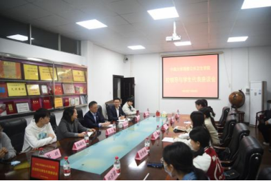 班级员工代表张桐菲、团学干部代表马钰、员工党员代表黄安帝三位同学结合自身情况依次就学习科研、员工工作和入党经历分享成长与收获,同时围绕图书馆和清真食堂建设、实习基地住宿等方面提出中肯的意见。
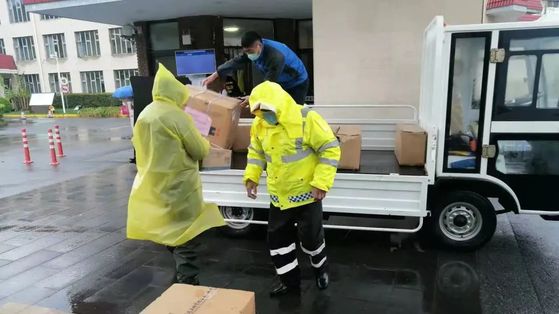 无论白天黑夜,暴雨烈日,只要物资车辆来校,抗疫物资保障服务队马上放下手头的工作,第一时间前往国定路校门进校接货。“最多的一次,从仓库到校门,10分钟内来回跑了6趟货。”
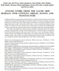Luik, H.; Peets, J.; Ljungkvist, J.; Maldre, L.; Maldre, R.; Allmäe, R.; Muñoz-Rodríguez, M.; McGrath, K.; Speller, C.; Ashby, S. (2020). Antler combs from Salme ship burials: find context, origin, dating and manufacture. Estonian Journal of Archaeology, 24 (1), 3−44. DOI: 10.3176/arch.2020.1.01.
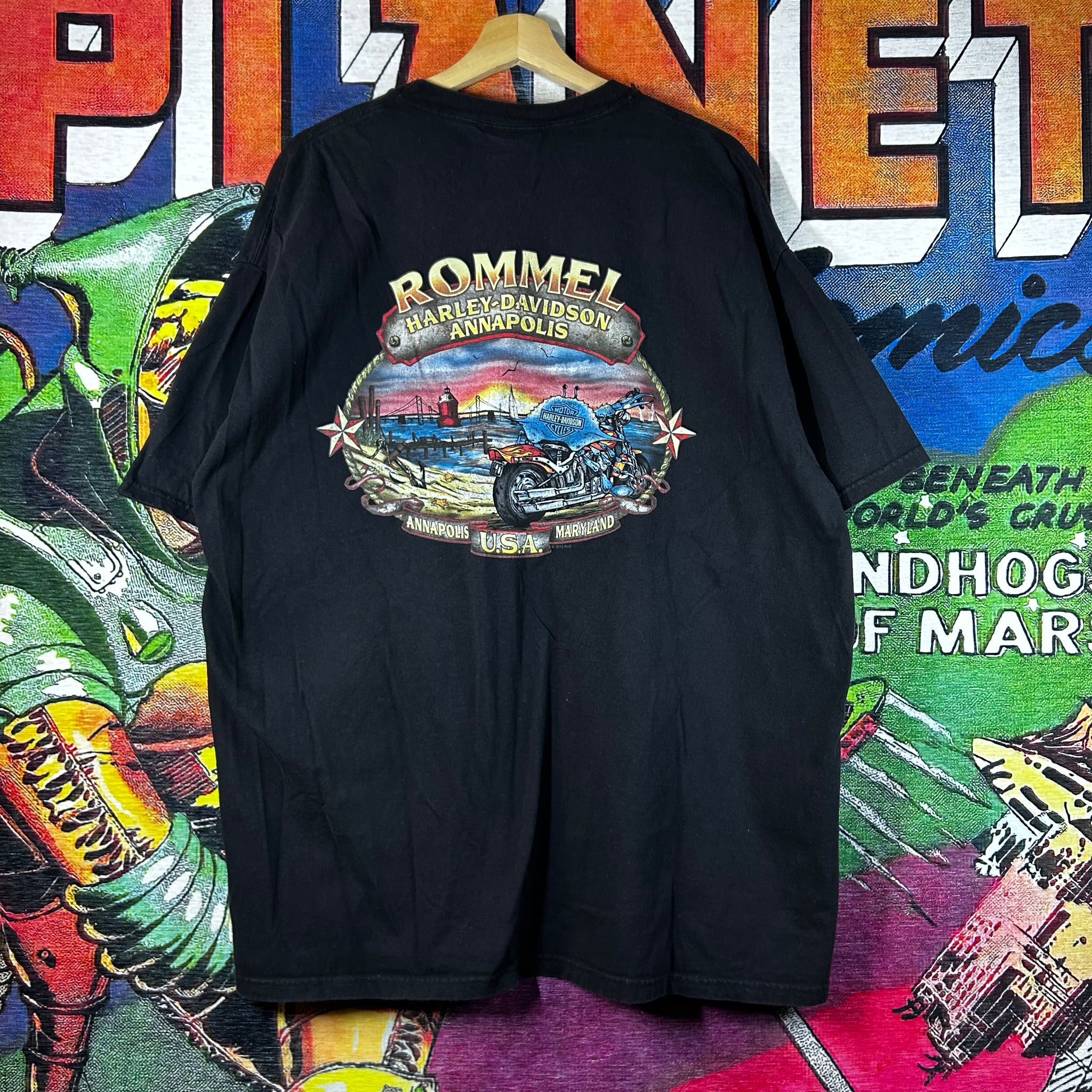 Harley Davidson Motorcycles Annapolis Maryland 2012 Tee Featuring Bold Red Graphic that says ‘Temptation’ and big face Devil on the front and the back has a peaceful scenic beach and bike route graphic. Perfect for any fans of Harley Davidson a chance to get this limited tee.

################

Strip out the pictures and quote the remaining data word for word.

Response area
 班级员工代表张桐菲、团学干部代表马钰、员工党员代表黄安帝三位同学结合自身情况依次就学习科研、员工工作和入党经历分享成长与收获,同时围绕图书馆和清真食堂建设、实习基地住宿等方面提出中肯的意见。
 无论白天黑夜,暴雨烈日,只要物资车辆来校,抗疫物资保障服务队马上放下手头的工作,第一时间前往国定路校门进校接货。“最多的一次,从仓库到校门,10分钟内来回跑了6趟货。”
Luik, H.; Peets, J.; Ljungkvist, J.; Maldre, L.; Maldre, R.; Allmäe, R.; Muñoz-Rodríguez, M.; McGrath, K.; Speller, C.; Ashby, S. (2020). Antler combs from Salme ship burials: find context, origin, dating and manufacture. Estonian Journal of Archaeology, 24 (1), 3−44. DOI: 10.3176/arch.2020.1.01.
 Harley Davidson Motorcycles Annapolis Maryland 2012 Tee Featuring Bold Red Graphic that says ‘Temptation’ and big face Devil on the front and the back has a peaceful scenic beach and bike route graphic. Perfect for any fans of Harley Davidson a chance to get this limited tee.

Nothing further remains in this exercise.